When patients who do not have emergencies present to the emergency unit this puts a lot of burden on an already strained healthcare system. It leads to overuse of resources and wastes money both for the patient and the government when these resources could have been better used. It is often quite difficult for the patient to decide whether they should go to the emergency unit or not.
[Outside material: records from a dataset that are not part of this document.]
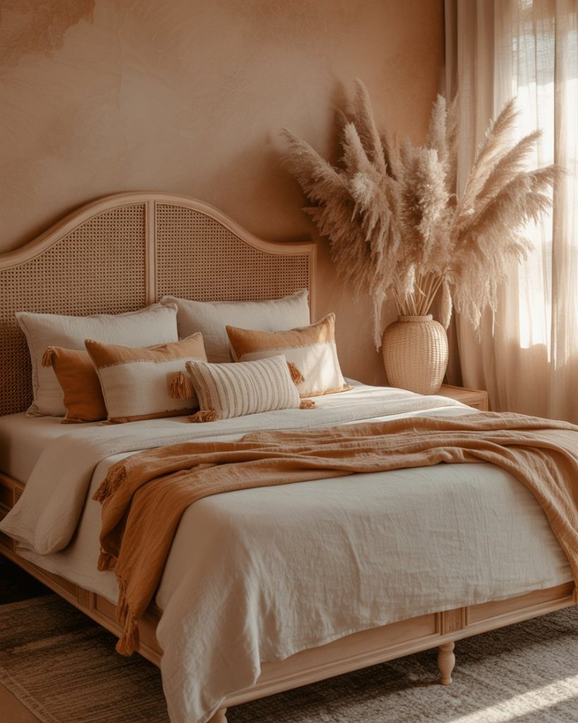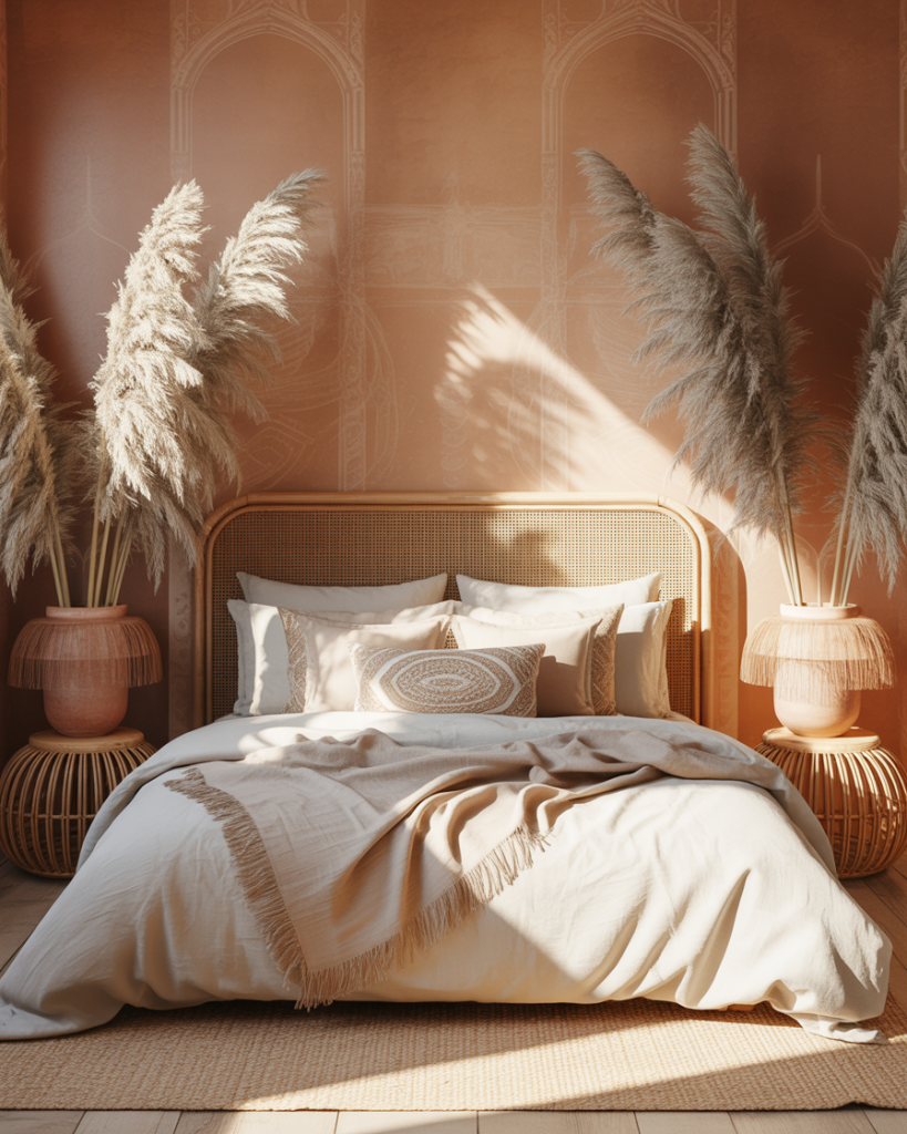 For the nature-inspired, 2026’s has rallied to the earthy boho. Woven wall hangings, rattan furniture, and clay tones turn the bedroom into a soulful, grounded retreat. It’s perfect for the cozy ladies’ ideas or couples’ ideas, providing layers of comfort. A terracotta wallpaper or pampas grass accent might add more life to the room.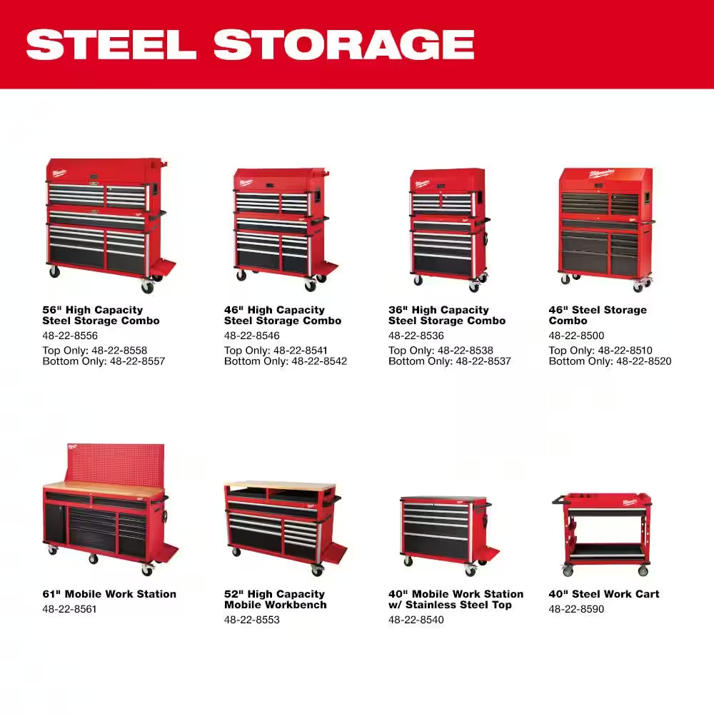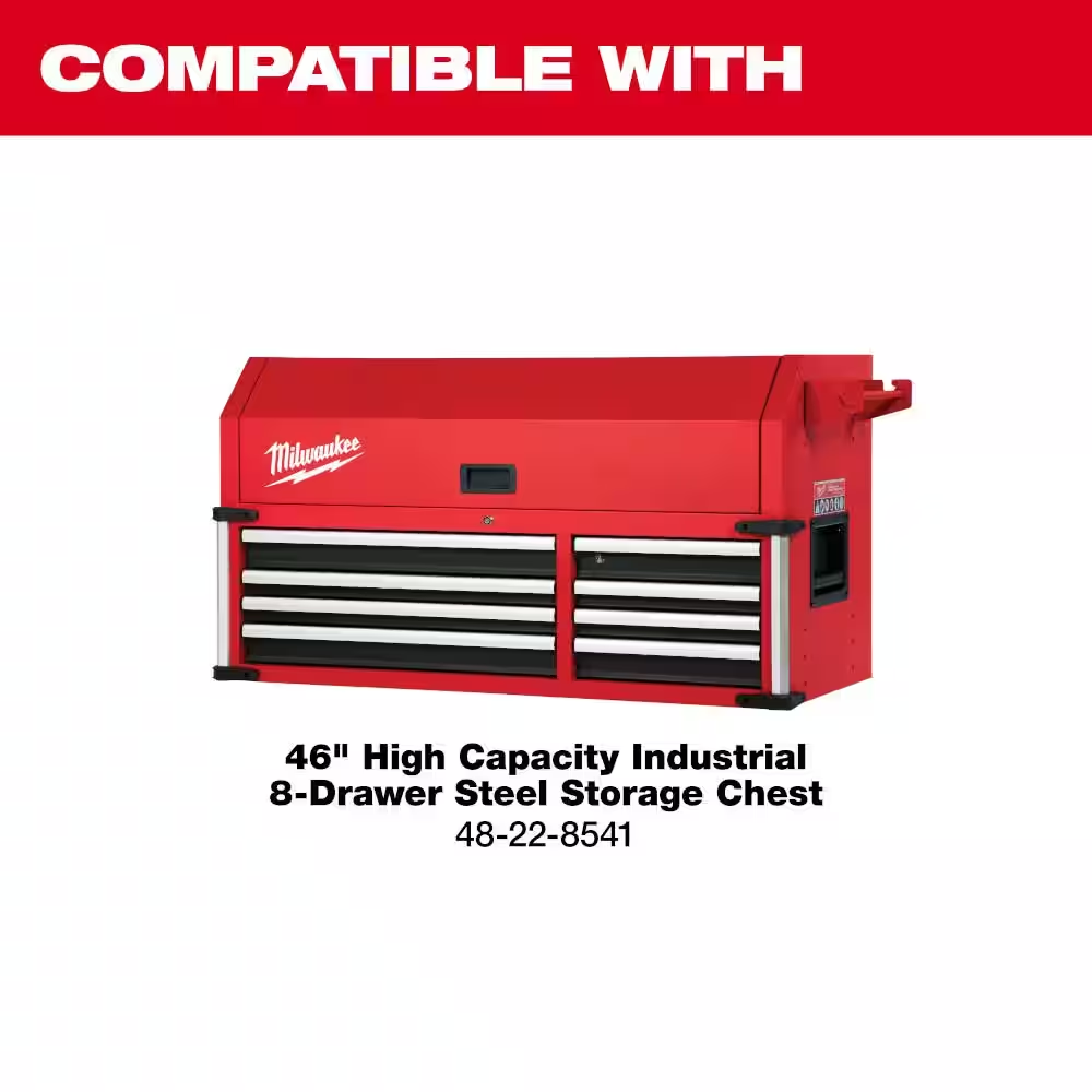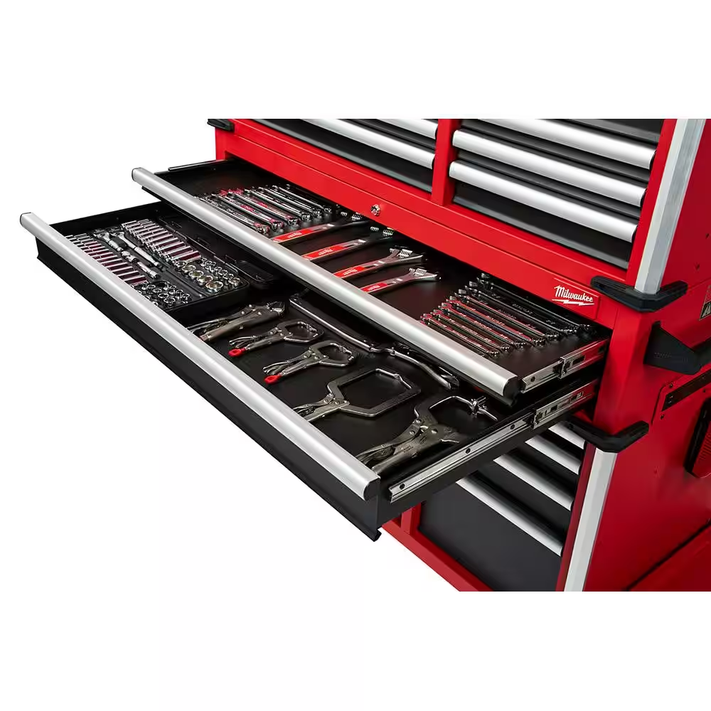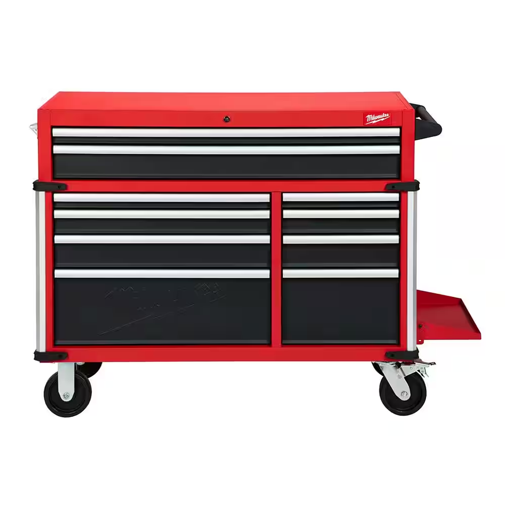 Loaded with the extra features you want, the Milwaukee 46 in. 10-Drawer tool cabinet boasts a massive 19,440 cu. in. of storage capacity and can hold over 2,500 lbs. The 10-drawer cabinet is an extra-deep 22 in., which is 4 in. deeper than most other units. The extensive list of features includes a long tool holder, folding side shelf, bottle opener, and stylish aluminum edge guards with rubber corner bumpers to help protect your investment. The 100 lbs. rated, soft-close, ball bearing drawer slides gently retain the drawers from accidental opening or slamming shut. The rolling cabinet features 2 full-width, top drawers to provide storage for all your long tools and pry bars. Mount your Milwaukee battery chargers to the side wall and charge your batteries with the built-in, 6-outlet/2USB power center. The 9.5 in. D bottom cabinet drawers offer additional organizational options with a removable power tool organizer for easy management of your power tools and battery packs. The red and black textured finish is rugged, durable, and stands up to harsh environments. This tool storage cabinet has it all.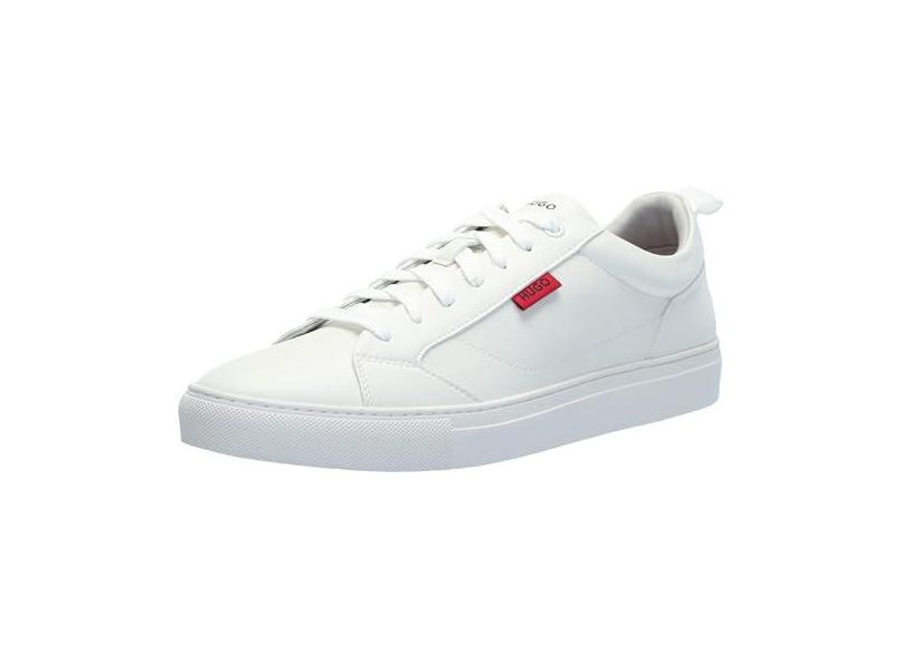 HUGO Tênis masculino Essential Two Tone Suede Low Top, Lychee White, 7

It is impossible to right an exhaustive list of conditions that warrant one to visit the emergency room. However, the many reason people present to the emergency room is for accidents. Any accident that threatens life or limb is a good reason to see a doctor. People who have been involved in major car accidents, even when they are no visible injuries should ideally go to the emergency unit. Those that have injuries to their limbs which can include suspected broken bones or any severe cuts with profuse bleeding should also seek medical care immediately.
The list is much longer when it comes to medical conditions. Some of the medical problems that should prompt one to visit an emergency unit are; severe sudden onset of headache, weakness of the face and leg, fainting, sudden onset of shortness of breath, chest pains, severe abdominal pains, productive cough, coughing up blood, pregnancy related complications and any acute poisoning.
It is often advisable to present to the local doctor or clinic first so that they can make an initial assessment as well to stabilize the patient before they make the decision to refer to an emergency unit.
It is not advisable to come to the emergency unit for minor illnesses or chronic problems that have been ongoing for long with no acute changes. Emergency units use a triage system where the sickest patients will get priority hence why when patients present with conditions that are not emergencies, they will have much longer waiting times. Let’s all do our part to try decongested the emergency units in this country which are on their knees due to inappropriate referrals and lack of staff.